Regarding choosing status codes

  • 2xx codes Tell a User Agent (UA) that it did the right thing, the request worked. It can keep doing this in the future.
  • 3xx codes Tell a UA what you asked probably used to work, but that thing is now elsewhere. In future the UA might consider just going to the redirect.
  • 4xx codes Tell a UA it did something wrong, the request it constructed isn't proper and shouldn't try it again, without at least some modification.
  • 5xx codes Tell a UA the server is broken somehow. But hey that query could work in the future, so there is no reason not to try it again. (except for 501, which is more of a 400 issue).

You mentioned in a comment using a 5xx code, but your system is working. It was asked a query that doesn't work and needs to communicate that to the UA. No matter how you slice it, this is 4xx territory.

Consider an alien querying our solar system

Alien: Computer, please tell me all planets that humans inhabit.

Computer: 1 result found.

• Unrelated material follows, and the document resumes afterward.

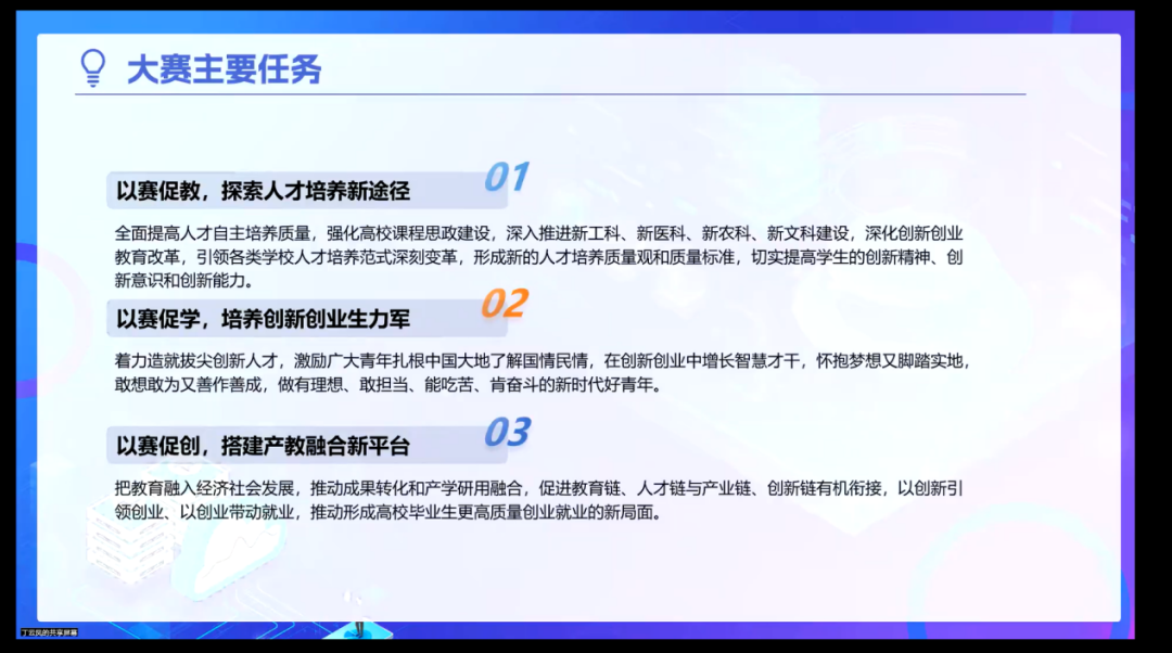 讲座伊始,丁云凤女士深入解读了中国国际大学生创新大赛。她详细阐释了大赛的目标与任务,从比赛赛制、赛程安排、参赛方式和要求等方面进行了细致入微的讲解。丁女士特别强调,大赛对于推动高校双创教育发展、培养大学生创新创业能力具有非凡意义,鼓励同学们积极参与,在大赛中锻炼自我、积累经验,全方位提升综合素质。

Earth

Alien: Computer, please tell me about Earth.

Computer: Earth - Mostly Harmless.

Alien: Computer, please tell me about all planets humans inhabit, outside the asteroid belt.

Computer: 0 results found.

Alien: Computer, please destroy Earth.

Computer: 200 OK.

Alien: Computer, please tell me about Earth.

Computer: 404 - Not Found

Alien: Computer, please tell me all planets that humans inhabit.

Computer: 0 results found.

Alien: Victory for the mighty Irken Empire!